_basecase or _sec? [

Torbjorn Granlund tg at gmplib.org
Fri May 3 14:40:49 CEST 2013


nisse at lysator.liu.se (Niels Möller) writes:

  I think Newton analogues exist only when b is a power, not in general.
  And the most important case is prime b.
  
I think it exists also for b can be factorised into prime powers...

  > I am not familiar with the Jebelean (or Möller!) criteria for gcd, but
  > my intuition suggests that there exists a O(k)-bit matrix which reduces
  > k bits from the operands.  And the same intuition suggests that it can
  > be computed from O(k) high bits.  Am I wrong?
  
  You need to have roughly *2k* bits of each operand to make k bits
  progress. And you get into trouble at least in the case that those 2k
  bits are equal (you need to subtract one operand from the other, but
  which depends on the other bits).
  
We don't need to insist on keeping operands positive.

  Let me think aloud.
  
  As a start, one should try to construct an algorithm which makes (at
  least) two bits of progress per iteration, with all problematic special
  cases handled in a side-channel silent manner. I looked into it briefly
  before writing my current code, but I couldn't find anything easy.
  
Two bits per bignum operation will give a 100% speedup, and still leave
a lot of headroom for future GMP releases.  :-)

  And I'm afraid the table lookup even for just two bits of progress needs
  5 bits from each operand, i.e., 1024 entries, which might leak
  information through the cache instead.
  
My thought was not to have a table, but plain loop which executed a
limb-size dependent number of iterations, and has not internal branches.

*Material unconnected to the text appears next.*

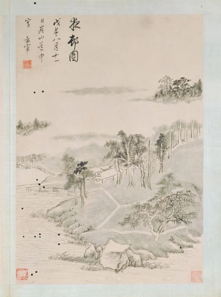 第八开,墨笔。自题:“夜村图。戊午八月十一日崑山道中写。玄宰。”钤“董其昌印”。鉴藏印钤“男祖源珍藏”、“烟客真赏”。

  Right-to-left algorithms will likely have easier bookkeeping than
  left-to-right algorithms.

I have not looked at right-to-left algorithms for gcdext, at least not
in a very long time.  Do they resolve gcd(a,b) = ax + by or something
like gcd(a,b)*2^t = ax + by?

  Instead of a lehmer-like algorithms which eliminates k bits of each
  operand using a vector/matrix multiply, it might be better (smaller
  table) to eliminate k bits from the larger operand only. But then we
  need to keep track of which operand is largest. I think this simplest
  appproach was the one I looked a bit into, and it didn't seem very
  promising. I think one can always eliminate two bits, by setting
  
    m <-- min(a,b)
    M <-- max(a,b)
    a <-- (M + k m) / 4
    b <-- m
    
  where k = ± 1, which ever is needed to make M + k m a multiple of 4. And
  then some additional logic for the case of even numbers (if M = 0 (mod
  4), just set k = 0, and if M = 2 (mod 4), set k = 2). But to go beyond
  two bits, one would need something like k-ary gcd, which might introduce
  false factors.
  
Right, answering my question above.  Cannot false factors of 2 be
handled?

  The k \in {0, 1, 2, -1} could be a conditional subtraction and addition
  
  1.  Subtract: d <-- a - [a odd] b   (if a odd)
  2.  Swap:     b <-- a, d <-- -d     (if underflow above, d < 0) 
  3.  Add:      a <-- a + 2 b         (under certain conditions)
  4.  Shift:    a <-- a / 4	    Always
  
  Current code does (1) and (2) only (and a shift by one bit).
  
  If one wants a single addmul_1, one could choose k \in {0,1,2,3}
  instead, but one still *needs* to take sign (a-b) into account; it's no
  use to add the larger operand to the smaller. Analysis of the guaranteed
  progress after n iterations is going to get more complicated with k > 0.
  
  For any variant, I think the iteration needs to take into account:
  
    Low bits of a and b (one can try to maintain b odd at all times, but
    one needs to handle the case of even a). Or high bits for a
    left-to-right algorithm, but I think that's going to be less
    convenient.
  
    Sign of (a - b).
  
  The straight-forward way to determine the sign of (a - b) is to actually
  compute the difference. The result of this subtraction is directly
  useful for the "plain" binary algorithm, but a bit wasted if we try
  something more sophisticated.
  
I suspect non-leaky code has to compute the sign as a full subtraction.